A new study published in Science Translational Medicine has identified a new protein involved in the plaque formation pathway that can serve as a potential new target for the treatment of AD.

It has long been postulated that altered cholesterol metabolism is a key link to the development of AD. ApoE stands for apolipoprotein E, a protein that operates like a molecular truck that shuttles cholesterol in the brain. A mutation of this molecular truck (APOE genotype) is strongly linked to the development of senile plaques, and it has been shown previously that by deleting the APOE gene it would reduce plaque aggregation in the brain.

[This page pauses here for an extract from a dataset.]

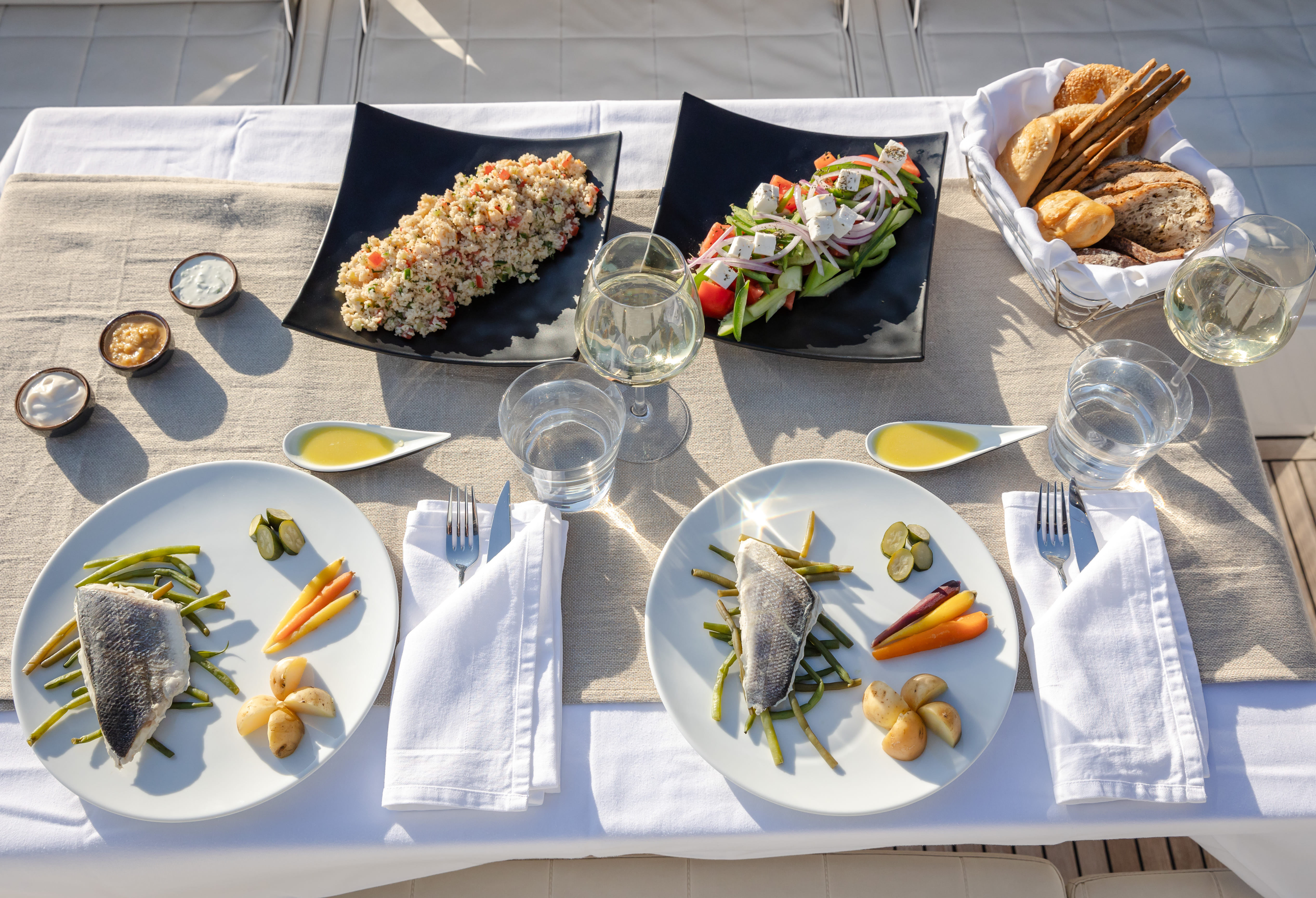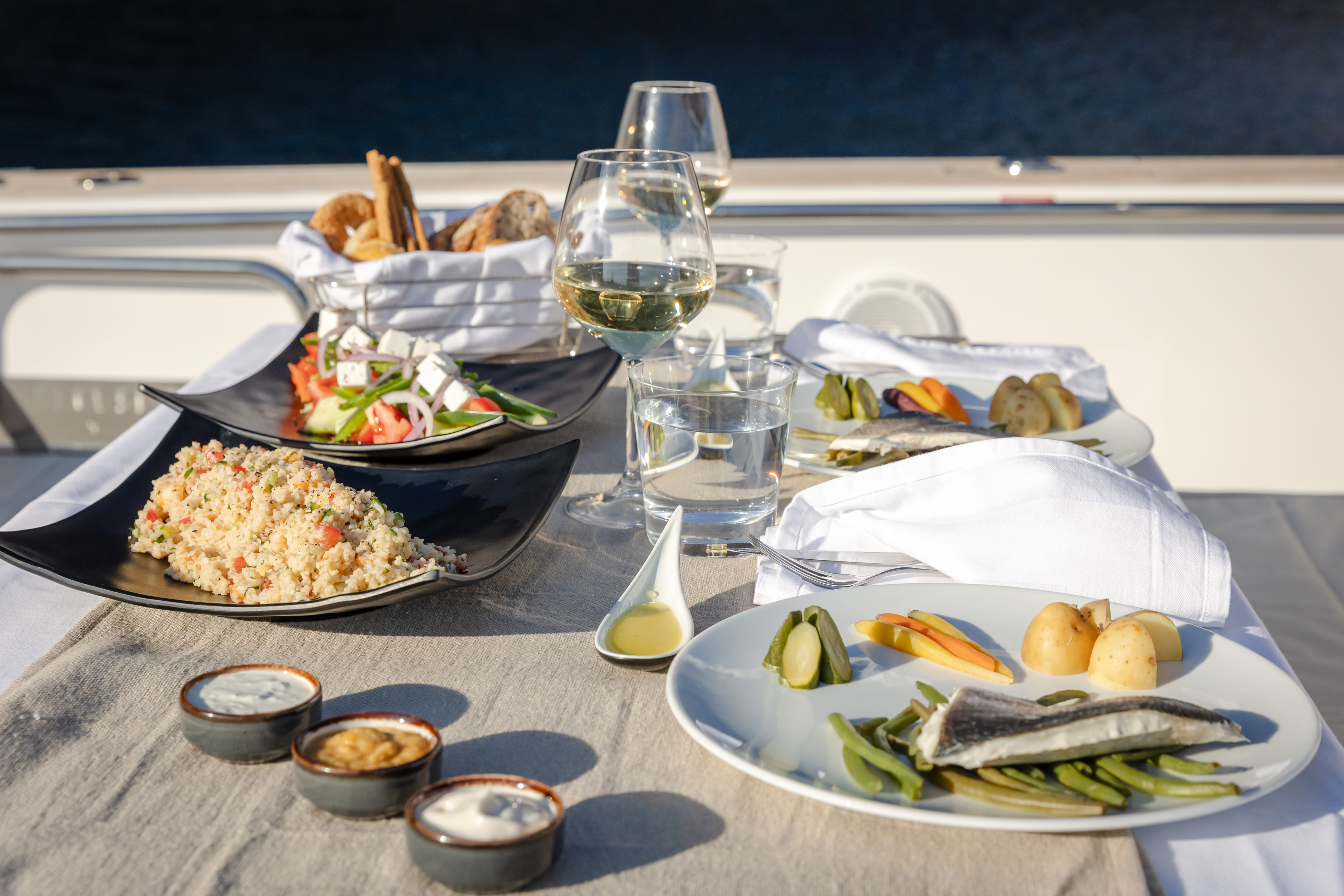 Continue along the southern coast, passing the dramatic shores of Red Beach, White Beach, and the Akrotiri lighthouse. As the sun begins to lower, your crew will serve a freshly prepared Greek dinner on board, featuring grilled meats, pasta, fresh salad, tzatziki, and unlimited drinks — all enjoyed with spectacular views.

A cell surface receptor called the low-density lipoprotein receptor (LDLR) is responsible for binding ApoE. If you increase the amount of LDLR, then you can decrease the presence of ApoE and thus reduce the amount of plaques in the brain. In mouse models, researchers in this study discovered an enzyme they called Idol, which is responsible for degrading LDLR. When they silenced the activity of Idol they observed a rise in LDLR on the cell surface. Downstream of that, more ApoE was cleared away as were the amount of plaques present in mice brain.

In mice with Alzheimer s disease, those with Idol deficiency experienced decreased plaque burden and overall reduced inflammation in the brain as compared to control mice with normal Idol levels. It has been postulated that the loss of Idol stimulates the action of cells in the brain called microglia (think of them as garbage trucks of the brain) that help clear amyloid plaques and ApoE.

With regard to future therapeutic interventions, this pathway serves as a target for further investigation. Idol inhibition can potentially subdue the formation and/or enhance the clearance of these neurotoxic plaques that will ultimately pave the way for treating people suffering from what is considered an incurable disease.